**Provided data:**
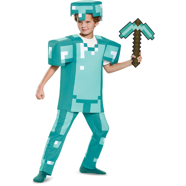 Tillbehören är tillverkade av lätt skum, vilket gör dem enkla att bära och bekväma att använda – perfekt för Halloween, maskerad eller egna äventyr hemma. Hackan är cirka 40 cm lång och svärdet cirka 51 cm, vilket gör dem både imponerande och roliga för alla Minecraft-fans.
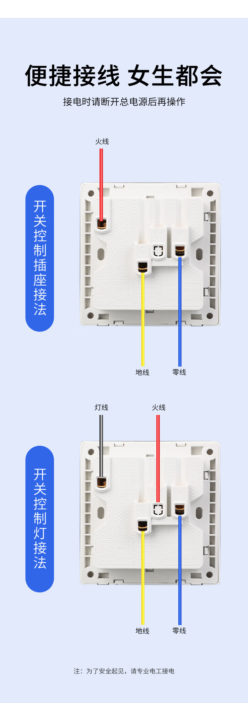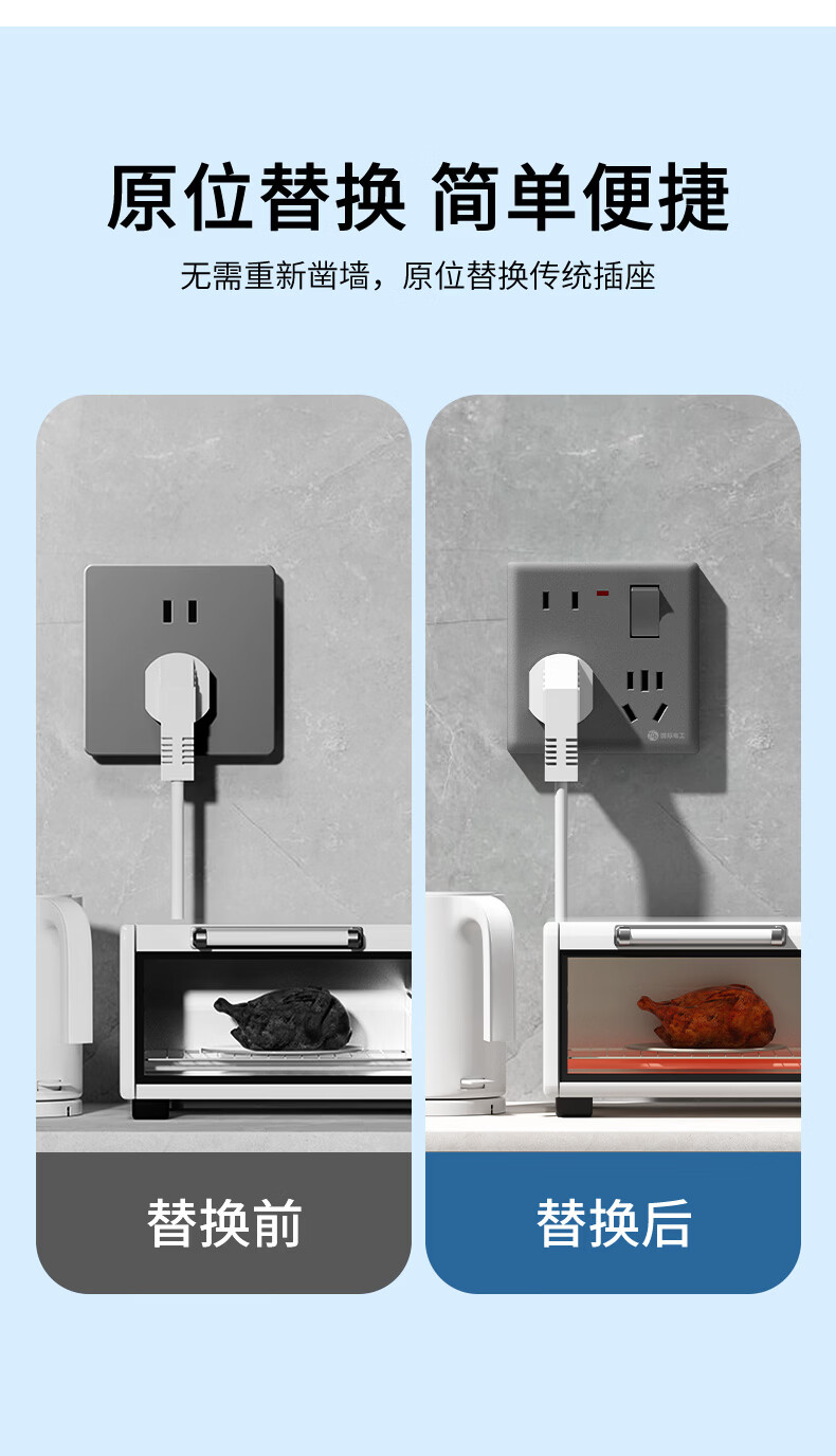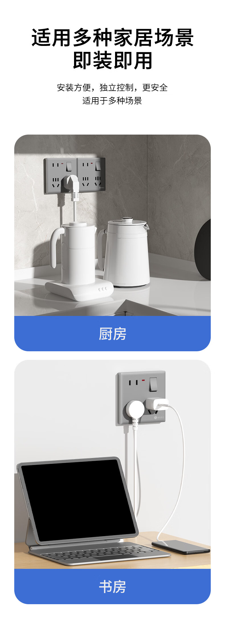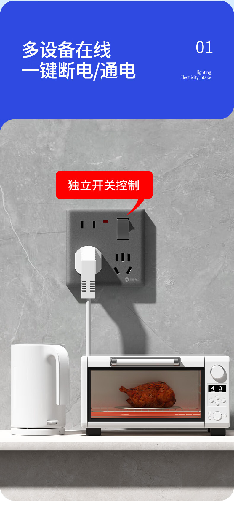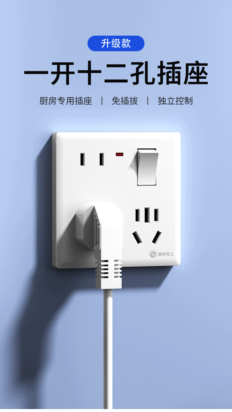 国际电工(FDD)原位扩展插座86型家用厨房分控带开关插排多功能USB快充拓展排插 白色带USB-三开21孔-向左扩展(2.1A)
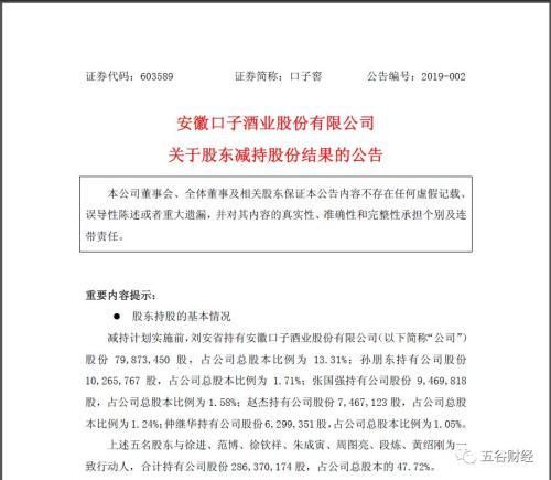 上述五名股东与徐进、范博、徐钦祥、朱成寅、周图亮、段炼、黄绍刚为一致行动人,合计持有口子窖股份约为2.86亿股,占口子窖总股本的47.72%左右。
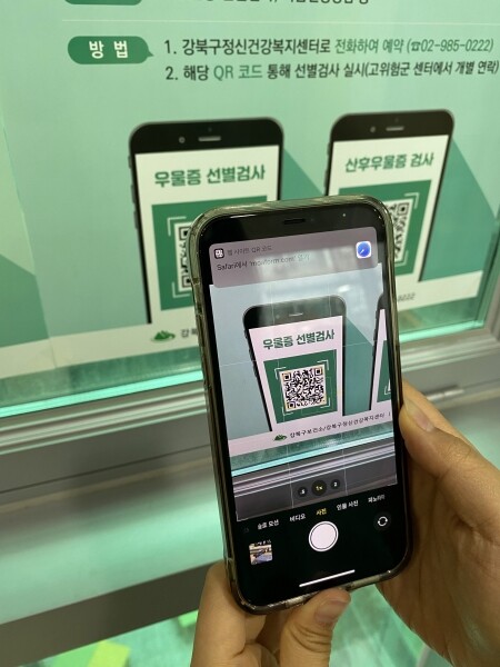주민 누구나 스마트폰으로 정보무늬를 찍으면 마음건강 검사를 받을 수 있다.
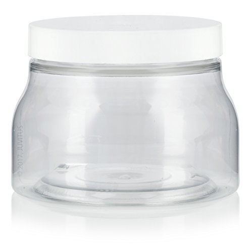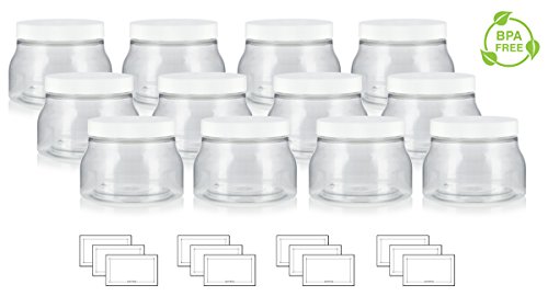 8 oz / 240 ml Clear PET Plastic (BPA Free) Tuscany Refillable Jar with White Lid - (12 pack) + Labels
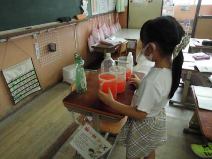 どの入れ物に水が一番多く入っているか調べるには,「同じ入れ物に移し替えてどっちが高いか見るとわかるよ!」と,実際にやってみて,よくわかったようでした!

**Exercise instructions:** Look for the line that contains "国际电工(FDD)原位扩展插", then please copy it and the rest of the lines through the end of the data, pictures excluded.

**Written response:**
 国际电工(FDD)原位扩展插座86型家用厨房分控带开关插排多功能USB快充拓展排插 白色带USB-三开21孔-向左扩展(2.1A)
 上述五名股东与徐进、范博、徐钦祥、朱成寅、周图亮、段炼、黄绍刚为一致行动人,合计持有口子窖股份约为2.86亿股,占口子窖总股本的47.72%左右。
주민 누구나 스마트폰으로 정보무늬를 찍으면 마음건강 검사를 받을 수 있다.
 8 oz / 240 ml Clear PET Plastic (BPA Free) Tuscany Refillable Jar with White Lid - (12 pack) + Labels
 どの入れ物に水が一番多く入っているか調べるには,「同じ入れ物に移し替えてどっちが高いか見るとわかるよ!」と,実際にやってみて,よくわかったようでした!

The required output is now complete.